Two main embedding model families discussed: Hugging Face models (e.g., MPNet base) and OpenAI embeddings. HP model characteristics: maps text to a dense vector space; MPNet base provides a 768-dimensional embedding for each input, useful for clustering and semantic search. OpenAI embeddings provide comparable functionality but come from a hosted API alternative.
Vector stores (vector databases) store embeddings and support similarity search. Common options mentioned: FAISS (Facebook AI Similarity Search), Milvus, Pinecone. Milvus and Pinecone are vector databases designed to handle large-scale embeddings; FAISS is a local, efficient similarity search library.
Storage and tooling ecosystem: text loaders, document loaders, text splitters, and a lightweight SQLite3 (via sqlite3) for supporting storage-related tasks.

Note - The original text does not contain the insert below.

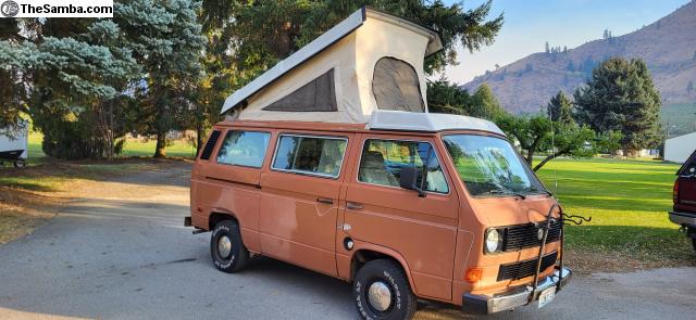 Recently purchased and selling to fund other projects. It was originally a diesel Westy but converted to a 1993 VW Fox engine at some point. I have a folder of the parts details, etc. Looks like it was sitting for a few years before I bought it. Its running and driving now but still needs a few things sorted out. New Go Westy grills on the nose, new seals on the poptop, and fresh oil and filter. Needs new tires. Very rust free body with mostly original paint. Very complete van with bug screen for rear hatch, all the curtains, and I have the additional swing table behind the drivers seat. I have a clean WA state title but waiting for it to arrive soon. I can help with shipping if needed. Make an offer!

The transcript emphasizes that the vector store holds embeddings, while a separate database may hold metadata or document mappings.
Practical hurdles showcased: version mismatches and environment issues (e.g., sentence-transformers import errors) and steps to resolve them (updating libraries, restarting kernels, ensuring paths are correct).
End-to-end demo elements mentioned: loading a state-of-the-union text and a resume PDF, chunking into 24-word groups, exploring the effects of chunk size and overlap, generating embeddings, and performing similarity searches to retrieve top results.
Conceptual takeaway: you can mix embedding sources (Hugging Face vs OpenAI) and vector stores; the architecture remains the same—split, embed, index, search, and answer.

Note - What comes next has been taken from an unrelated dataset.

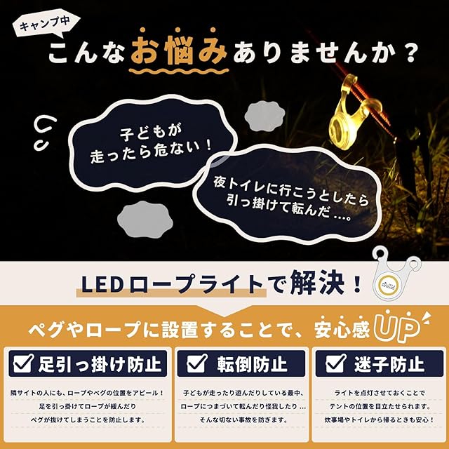 <夜間の転倒防止>夜間の光の無い所ではテントやタープのロープが見えづらく、足を引っかけてしまいとても危険です。しかしロープライトを設置していれば、どこにロープが張られているか直ぐに確認できます!ロープのどこの位置でも設置する事が出来きるので、どなたでもご使用いただけます。灯りのない大自然の中のキャンプには必須のアイテム!

Data Loading and Preprocessing

Text loading workflow:
- Use a text loader to read a plain text file (e.g., stateofunion.txt).
- Load text into memory via a loader (e.g., text_loader.load()) and inspect content (e.g., print first 100 characters or first 100 words).
- Common pitfall: naming mismatches (textloader vs textloader.dot_load) and file path issues leading to File not found errors; ensure file path correctness and working directory alignment.
PDF loading workflow:
- PDF loader to read resumes or papers (e.g., CV or ARXIV paper). PDFs may include images; for multimodal embedding, images would require multimodal embedding techniques.
- Demonstrates loading a resume with potential images and conceptual multimodal embedding considerations.
Example file handling details:
- A sample text file (stateofunion.txt) contains about 22,800 characters (including spaces).
- Basic verification step prints the first 100 tokens/words to confirm the file loaded correctly.
- For PDFs: a similar loader path is used, with additional considerations for multimodal content.
Dependency and environment notes:
- Some issues come from missing packages (e.g., text loader or PDF loader usage). Users may need to install packages (e.g., pypdf, pdfminer, sentence-transformers) and ensure compatibility across versions.
- When a library import fails (e.g., sentence-transformers), upgrade or reinstall to resolve compatibility issues; warnings may appear even if execution continues.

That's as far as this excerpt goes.